** TASK TO COMPLETE **
Leaving out the pictures, retype the lines from the beginning of the listing through the line containing "VINTAGE 1960-70s CAPODIMONTE".

** DATASET EXCERPT **

================================

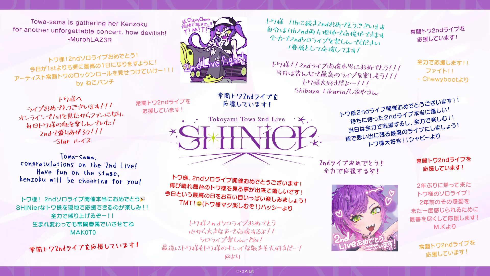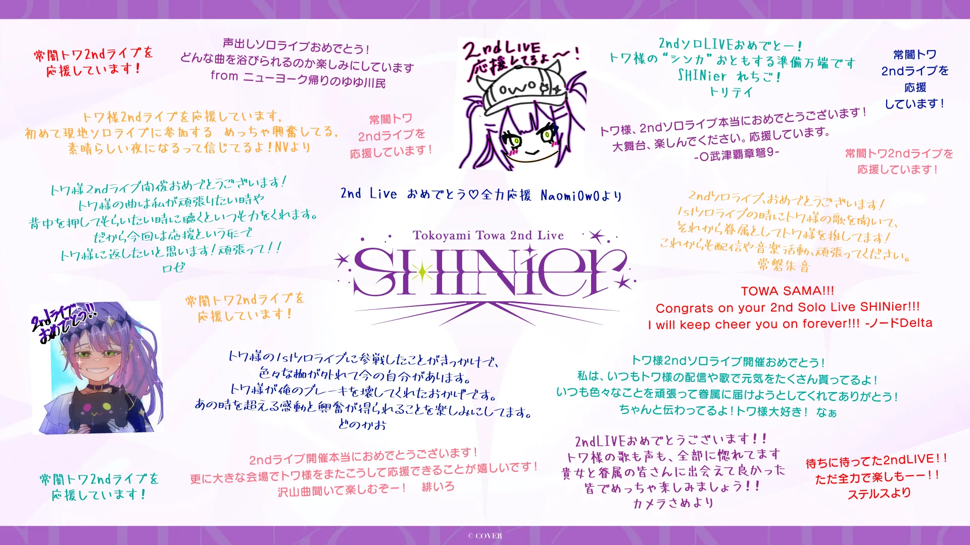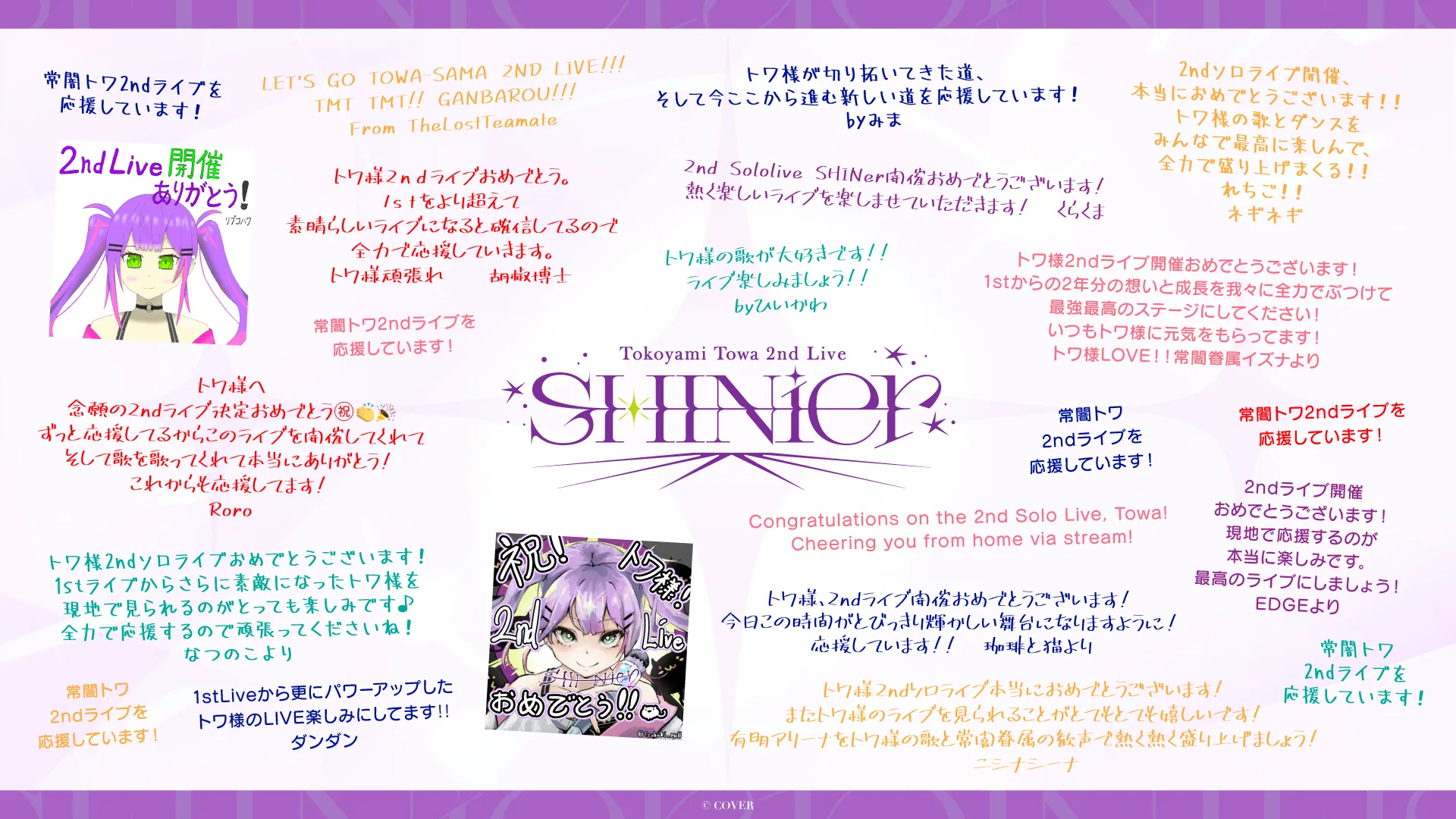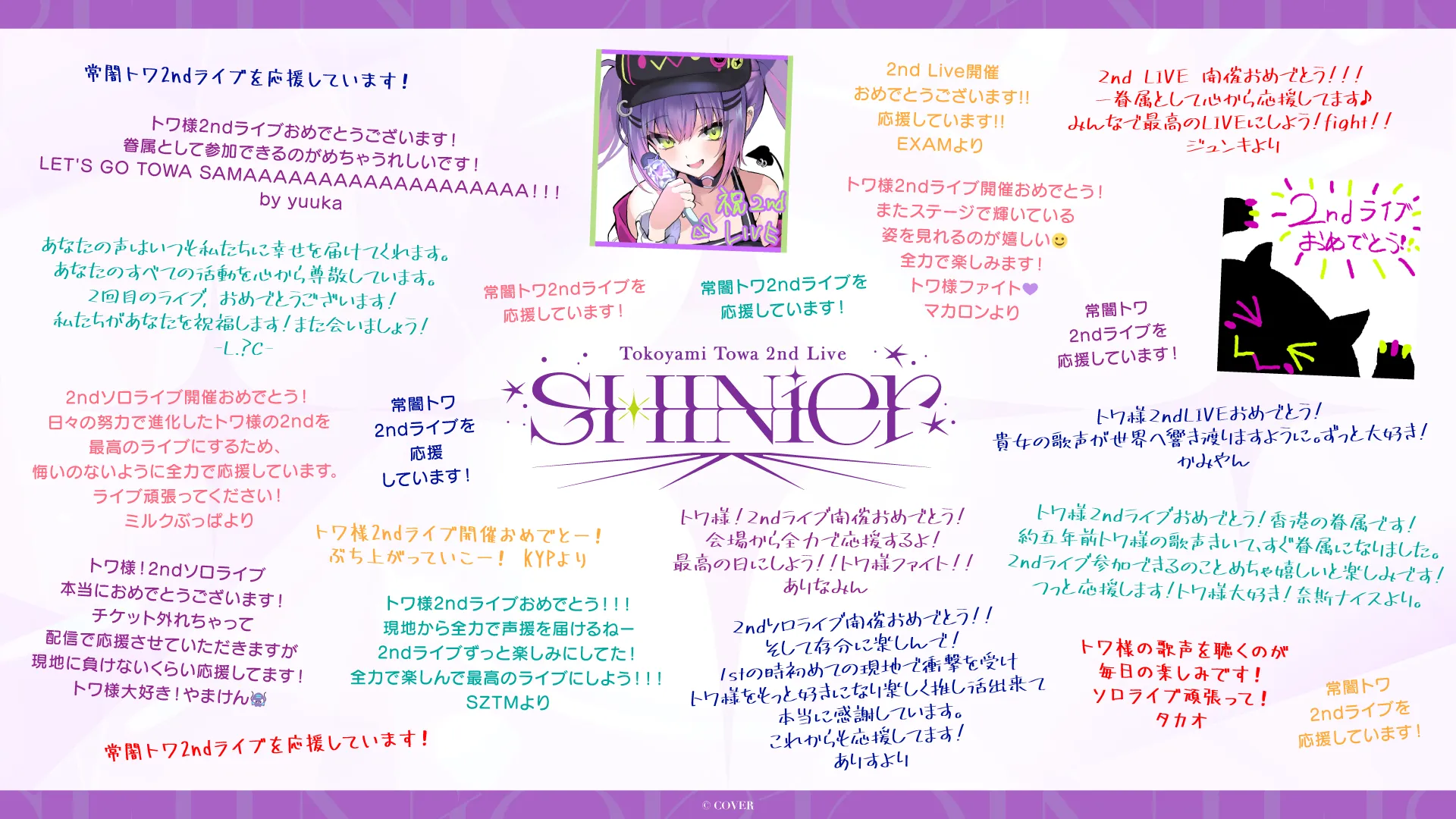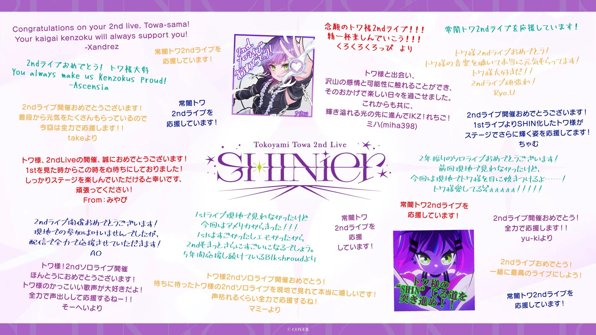 いよいよ明日開催される Tokoyami Towa 2nd Live “SHINier” にて、皆さまからお贈りいただいたメッセージを掲載します。
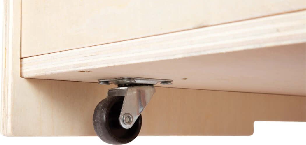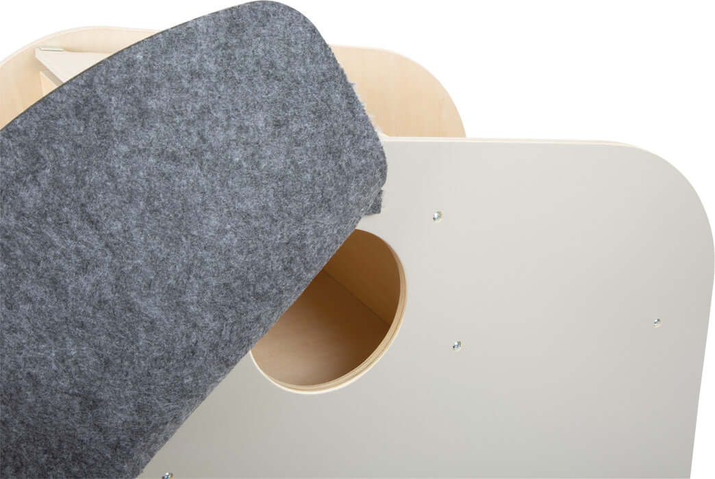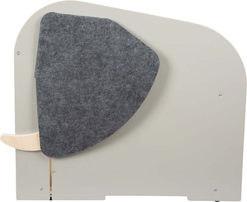 Mit seinen dezenten Farben, den großen Filzohren und seinem hohen sichtbaren Holzanteil fügt sich der Elefant dezent in jedes Wohnambiente ein. Dank verdeckten 360° Rollen lässt sich die Spielzeugbox mühelos in jede Richtung schieben und ziehen.
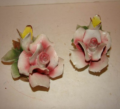 VINTAGE 1960-70s CAPODIMONTE FLORAL PAIR CANDLE HOLDERS Marked CROWN OVER "N" (B
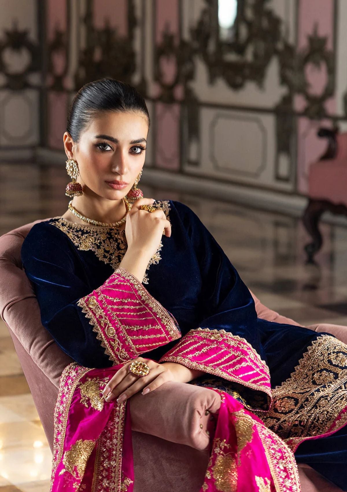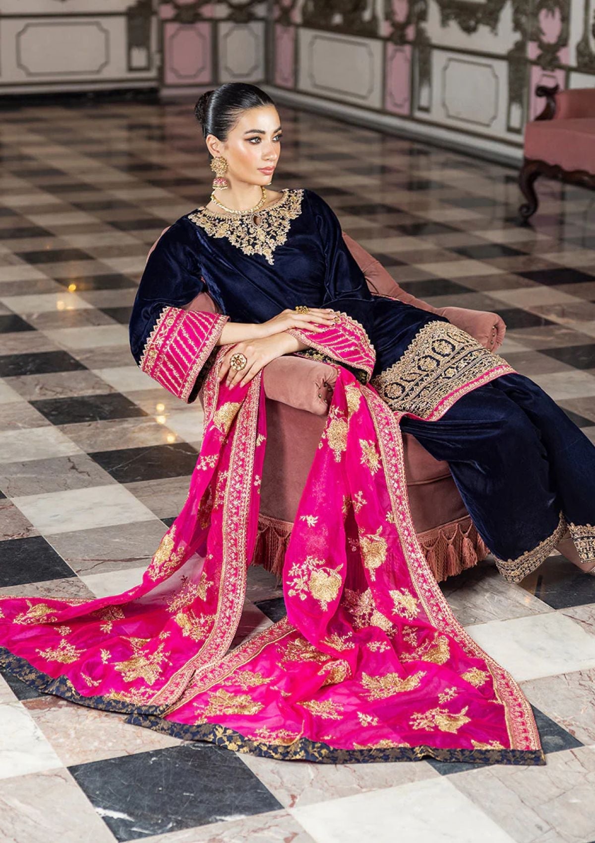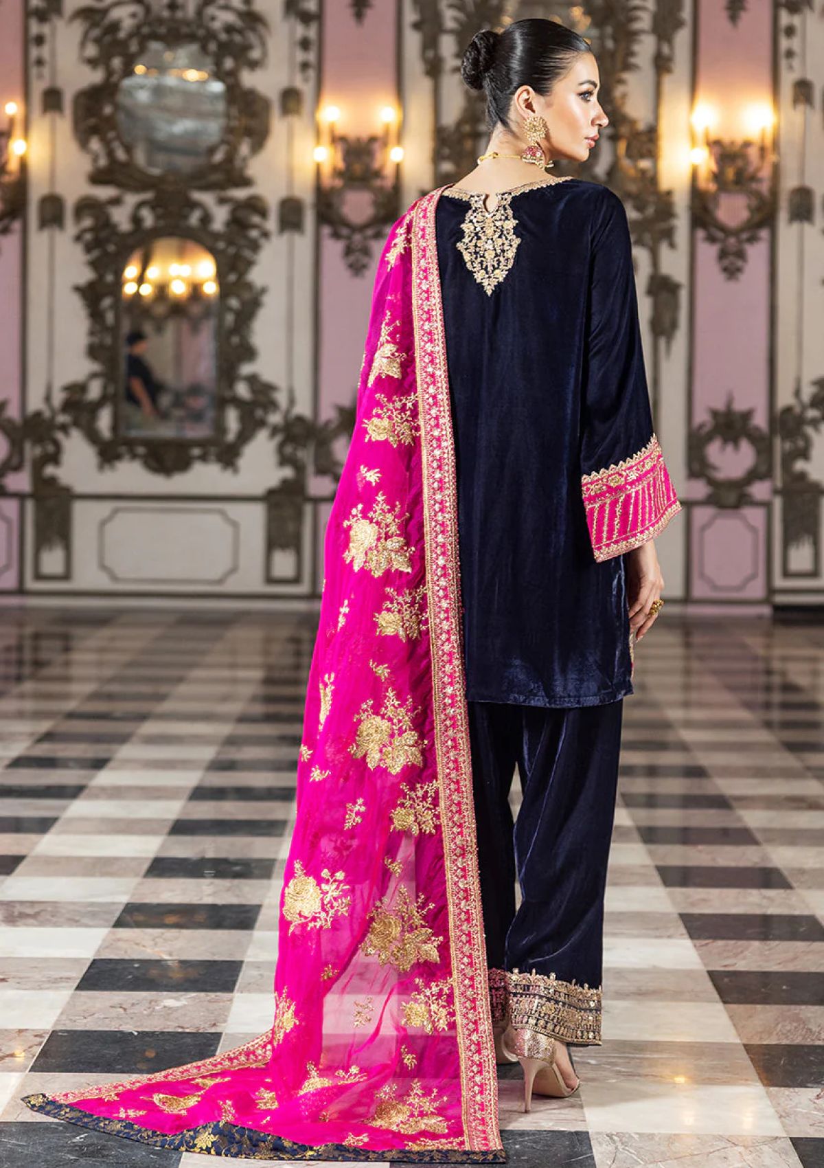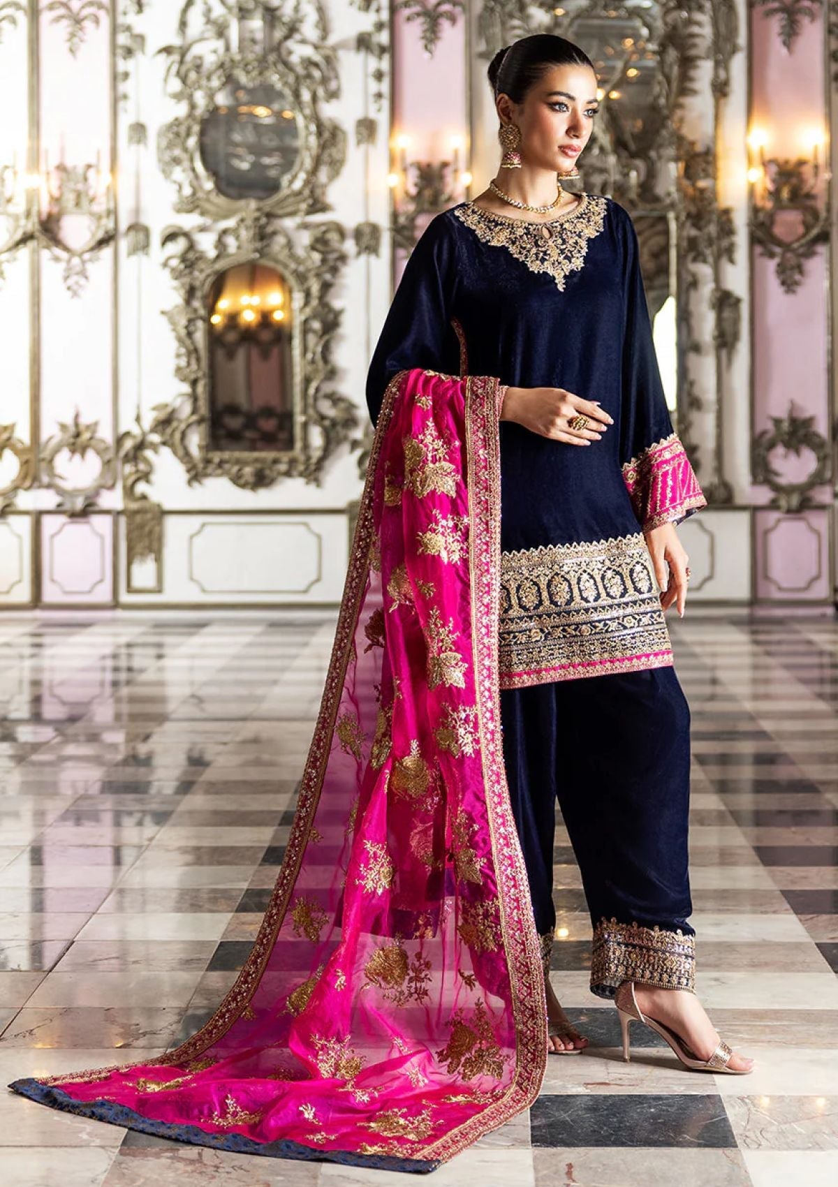 This sophisticated navy blue ensemble, crafted from sumptuous velvet, offers a perfect blend of elegance and charm. The shirt and shalwar feature delicate embroidery, enhanced with eye-catching hot pink accents that lend a vibrant touch to the deep, rich fabric. Complementing the outfit with a hot pink organza dupatta, ethereally draped and embellished with golden flower motifs scattered across its surface, adding a luminous touch. balancing the richness of velvet with the playful elegance of hot pink and gold.

================================

** ANSWER BELOW **
 いよいよ明日開催される Tokoyami Towa 2nd Live “SHINier” にて、皆さまからお贈りいただいたメッセージを掲載します。
 Mit seinen dezenten Farben, den großen Filzohren und seinem hohen sichtbaren Holzanteil fügt sich der Elefant dezent in jedes Wohnambiente ein. Dank verdeckten 360° Rollen lässt sich die Spielzeugbox mühelos in jede Richtung schieben und ziehen.
 VINTAGE 1960-70s CAPODIMONTE FLORAL PAIR CANDLE HOLDERS Marked CROWN OVER "N" (B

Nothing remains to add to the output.